> _Provided data_:
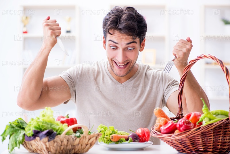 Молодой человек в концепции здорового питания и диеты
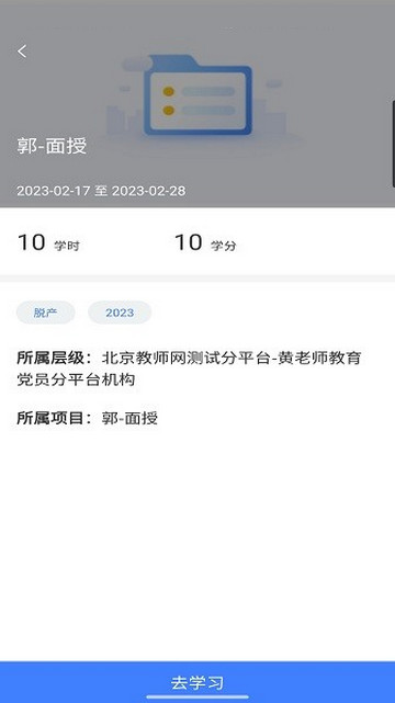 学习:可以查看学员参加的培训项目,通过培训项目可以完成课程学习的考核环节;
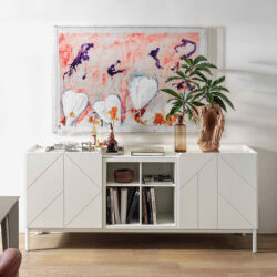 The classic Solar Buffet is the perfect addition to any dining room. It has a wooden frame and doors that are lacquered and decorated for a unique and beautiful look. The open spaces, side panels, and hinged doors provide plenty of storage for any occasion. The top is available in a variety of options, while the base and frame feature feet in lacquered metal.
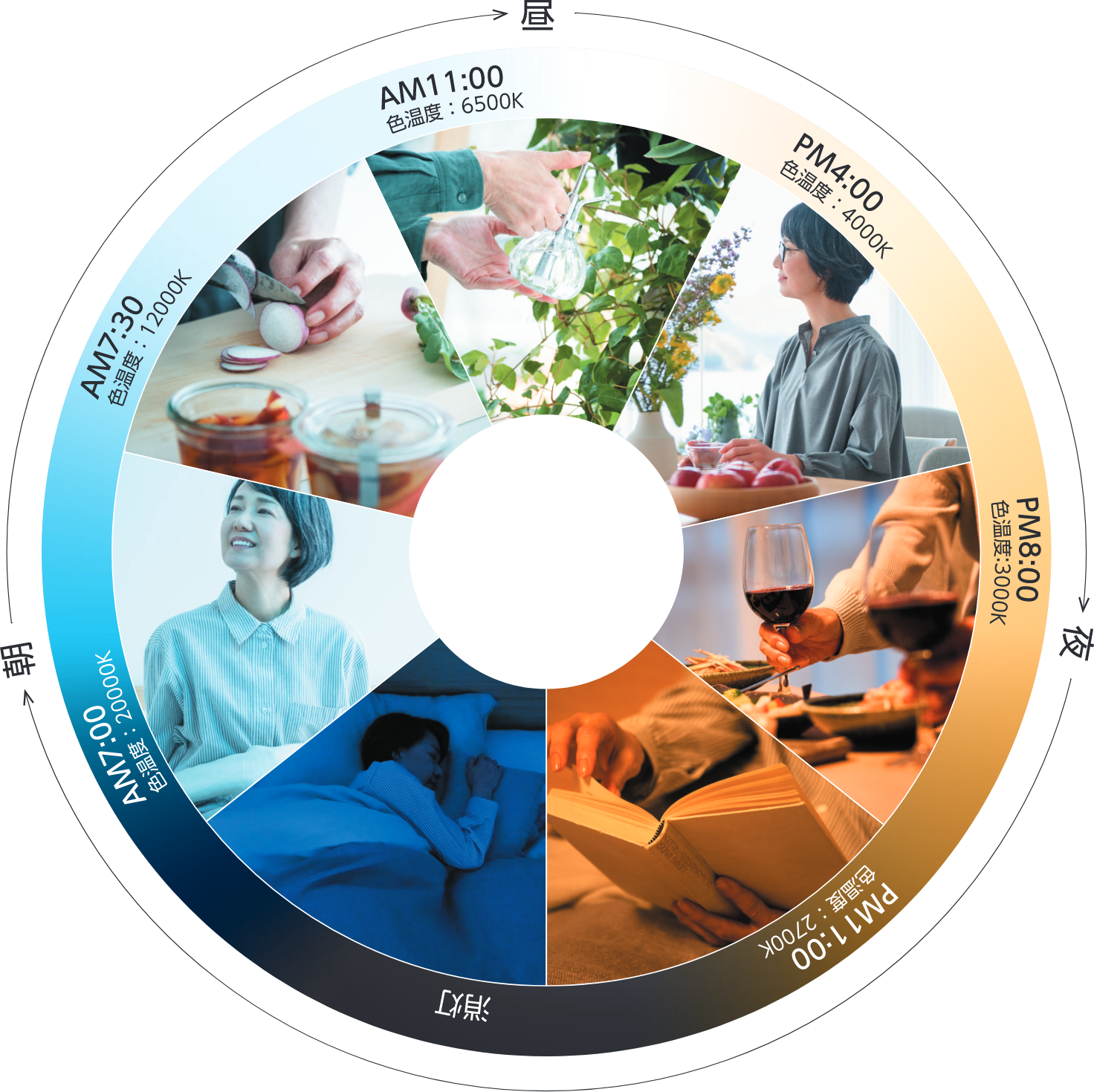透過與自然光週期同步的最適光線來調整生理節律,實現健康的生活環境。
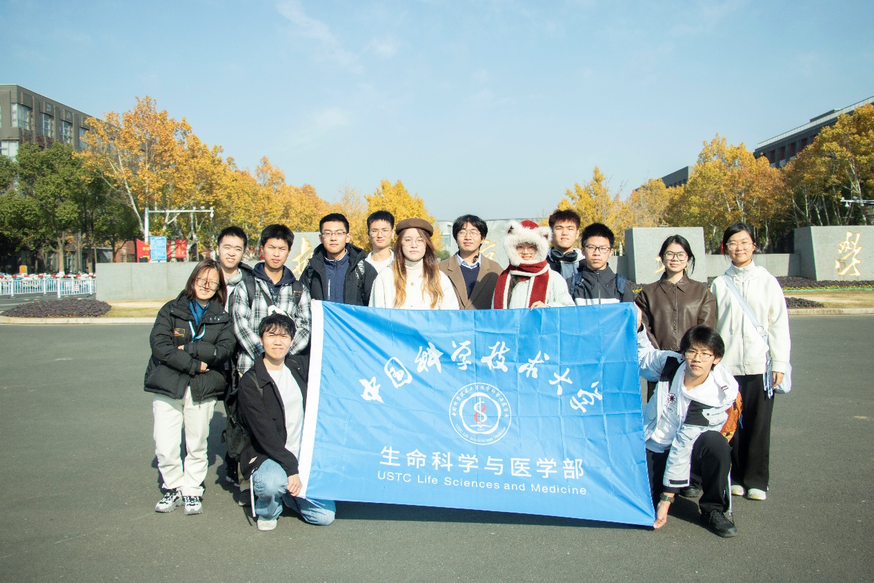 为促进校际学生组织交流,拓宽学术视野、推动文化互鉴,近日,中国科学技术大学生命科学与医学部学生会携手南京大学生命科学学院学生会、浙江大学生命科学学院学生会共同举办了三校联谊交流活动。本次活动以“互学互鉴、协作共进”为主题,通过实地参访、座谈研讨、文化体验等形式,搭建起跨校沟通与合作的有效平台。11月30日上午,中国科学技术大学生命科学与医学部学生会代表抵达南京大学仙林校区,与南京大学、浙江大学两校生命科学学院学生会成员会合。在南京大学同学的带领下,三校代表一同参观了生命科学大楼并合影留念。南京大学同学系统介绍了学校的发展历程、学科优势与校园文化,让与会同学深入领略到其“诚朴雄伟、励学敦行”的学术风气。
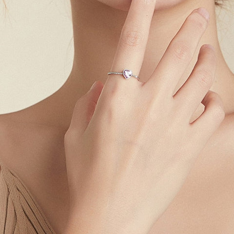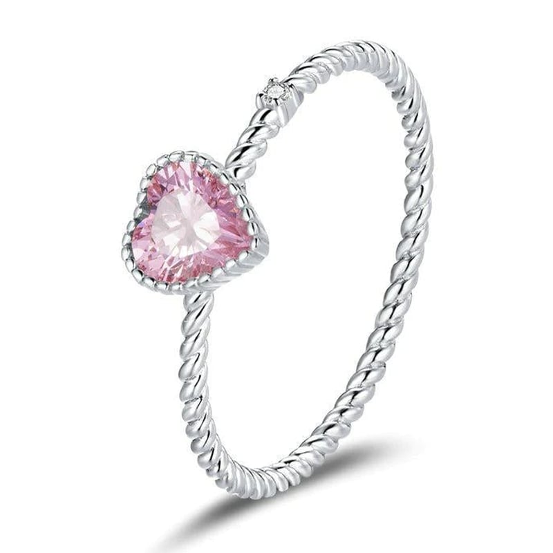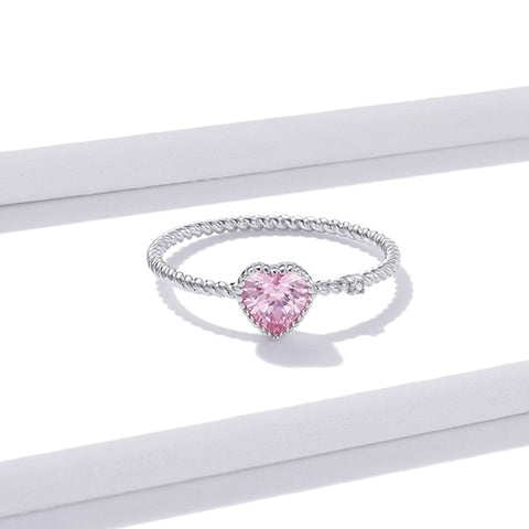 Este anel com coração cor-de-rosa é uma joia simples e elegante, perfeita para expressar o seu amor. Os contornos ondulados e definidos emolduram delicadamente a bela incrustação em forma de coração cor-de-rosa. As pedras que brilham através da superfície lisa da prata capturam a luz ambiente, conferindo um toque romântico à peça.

> _Task_:
Starting at the line above that holds "The classic Solar", repeat every line exactly down to and including the line that holds "透過與自然光週期同步的最適光線來調整生理節律,實現健康的生活環境。", then stop. Do not carry over any pictures.

> _Task solution_:
 The classic Solar Buffet is the perfect addition to any dining room. It has a wooden frame and doors that are lacquered and decorated for a unique and beautiful look. The open spaces, side panels, and hinged doors provide plenty of storage for any occasion. The top is available in a variety of options, while the base and frame feature feet in lacquered metal.
透過與自然光週期同步的最適光線來調整生理節律,實現健康的生活環境。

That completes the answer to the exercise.